Hunt’s analysis found almost 773 million email addresses and 22 million unique passwords were represented in the collection of some 12,000 separate files, which had been uploaded to cloud storage and shared between hackers. The files have since been deleted from the MEGA cloud service.

Hunt dubbed the files “Collection #1” and said the information seems to have been collected from “many different individual data breaches from literally thousands of different sources.” Collection #1 had over two and a half billion entries at first glance, but Hunt was able to strip away a large number of duplicates and junk to determine the true size of the properly formatted login credentials contained within.

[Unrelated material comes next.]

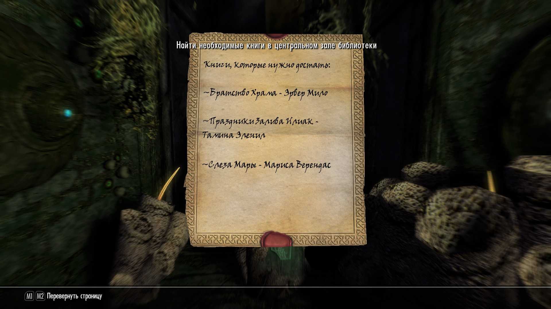 После того, как вы собрали все книги, Шанат отправит нас обратно в город раздать все книги нужным адресатам. Но на выходе нас встретит Йен Илу — давний коллега Шаната. Диалог с ним прервется возгласом сирен двемерской сигнализации, которую пробудили неосторожные действия Шаната. Вам предстоит тяжелый бой, по завершению которого Йен Илу попросит найти в библиотеке некий фолиант и двемерские чертежи, отправляемся к закрытой двери двемерской библиотеки. В библиотеке нам встретится еще один чистильщик, советую убить его и забрать его этериевое ядро. Этериевые ядра пригодятся нам в дальнейших квестах.

Hunt then loaded the cleaned-up database into a website he created called Have I Been Pwned (HIBP) which allows concerned users to quickly determine if their email address has been included in any known data breaches. HIBP also gives users an idea of how severe the breach was and the likelihood their secure passwords were exposed to hackers.

Checking with Have I Been Pwned is a reasonable precaution, with the caveat that it can be difficult to determine if accurate and current passwords were exposed in any given data breach. Hunt observed HIBP offers a free notification service and some 768,000 of its subscribers appear in the Collection #1 breach, including Hunt himself.

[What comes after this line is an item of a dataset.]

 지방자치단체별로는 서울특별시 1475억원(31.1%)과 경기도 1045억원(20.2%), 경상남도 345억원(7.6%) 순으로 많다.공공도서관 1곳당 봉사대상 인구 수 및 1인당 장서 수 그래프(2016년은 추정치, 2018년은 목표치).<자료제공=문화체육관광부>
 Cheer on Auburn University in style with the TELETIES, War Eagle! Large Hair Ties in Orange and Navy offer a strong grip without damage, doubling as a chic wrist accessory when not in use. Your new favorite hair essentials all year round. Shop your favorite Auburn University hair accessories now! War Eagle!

Another security resource created by Hunt is called Pwned Passwords. Here users can enter any password, without identifying themselves, and discover if the password appears in any known data breach files. In other words, HIBP will tell you if your email address has ever been referenced in a trove of stolen data, while Pwned Passwords will let you know if a password you are using has ever been compromised. As Hunt wryly suggested, Pwned Passwords is a great resource for learning just how unwise it is to use a password like “P@ssword” for any online account.

“Like many of you reading this, I’ve been in multiple data breaches before which have resulted in my email addresses and yes, my passwords, circulating in public. Fortunately, only passwords that are no longer in use, but I still feel the same sense of dismay that many people reading this will when I see them pop up again,” he remarked.

Validating the data in a trove as huge as “Collection #1” is beyond the ability of any single analyst, as Hunt pointed out. WIRED looked upon the sheer size of the looted passwords and pronounced it “pretty darn serious,” finding only a notorious pair of Yahoo breaches to be larger – but Collection #1 might be more alarming because the Yahoo data has never been sold or made public to the best knowledge of security experts.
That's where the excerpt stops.